ASSIGNED TASK —
Output, exactly as written, the lines below starting at the line containing "Wikimedia Commons) |" and ending at the line containing "Close-up of sprat". Drop the pictures and keep both end lines.

RECORDS FOR THE EXERCISE —
■ ■ ■

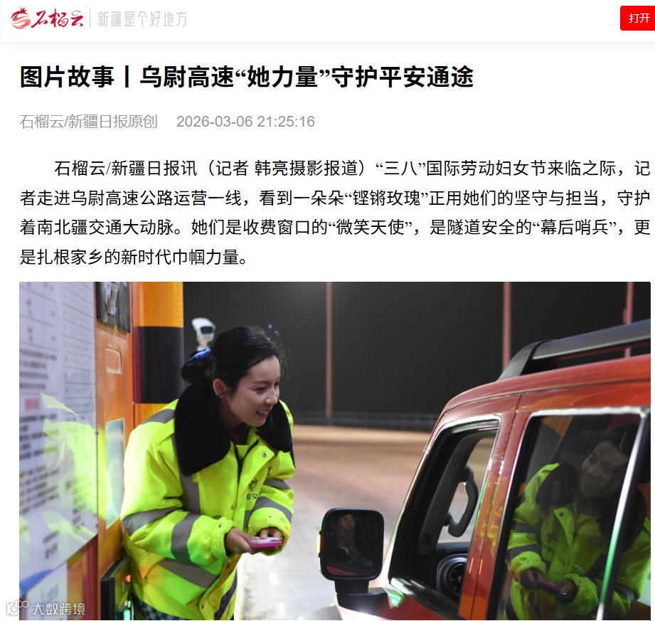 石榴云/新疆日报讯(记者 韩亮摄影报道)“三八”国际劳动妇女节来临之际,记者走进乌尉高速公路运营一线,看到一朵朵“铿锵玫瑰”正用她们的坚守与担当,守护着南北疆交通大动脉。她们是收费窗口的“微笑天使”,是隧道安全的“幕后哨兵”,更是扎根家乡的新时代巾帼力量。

■ ■ ■

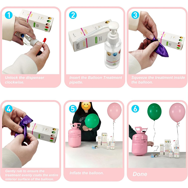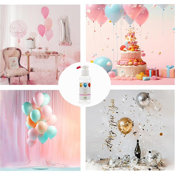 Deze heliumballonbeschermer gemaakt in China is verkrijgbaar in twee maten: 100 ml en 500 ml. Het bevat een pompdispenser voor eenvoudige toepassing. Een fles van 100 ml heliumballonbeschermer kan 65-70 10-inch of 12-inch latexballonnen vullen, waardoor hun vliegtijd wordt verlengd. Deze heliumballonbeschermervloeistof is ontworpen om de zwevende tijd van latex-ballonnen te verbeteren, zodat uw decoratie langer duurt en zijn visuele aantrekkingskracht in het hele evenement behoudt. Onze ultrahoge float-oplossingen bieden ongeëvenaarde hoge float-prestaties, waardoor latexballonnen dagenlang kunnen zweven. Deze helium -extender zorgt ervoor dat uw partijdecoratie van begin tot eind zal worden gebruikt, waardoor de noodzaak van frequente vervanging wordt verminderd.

■ ■ ■

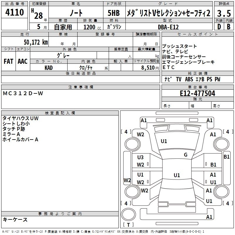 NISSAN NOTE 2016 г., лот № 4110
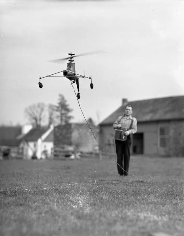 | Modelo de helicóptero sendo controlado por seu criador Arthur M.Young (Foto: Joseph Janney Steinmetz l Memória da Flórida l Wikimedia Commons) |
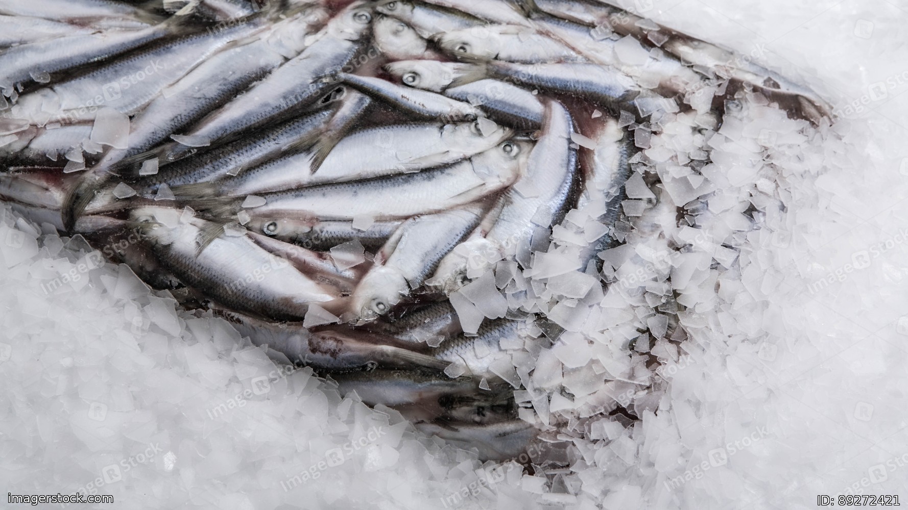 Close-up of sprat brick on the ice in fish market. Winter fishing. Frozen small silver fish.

■ ■ ■

THE COMPLETED TASK —
 | Modelo de helicóptero sendo controlado por seu criador Arthur M.Young (Foto: Joseph Janney Steinmetz l Memória da Flórida l Wikimedia Commons) |
 Close-up of sprat brick on the ice in fish market. Winter fishing. Frozen small silver fish.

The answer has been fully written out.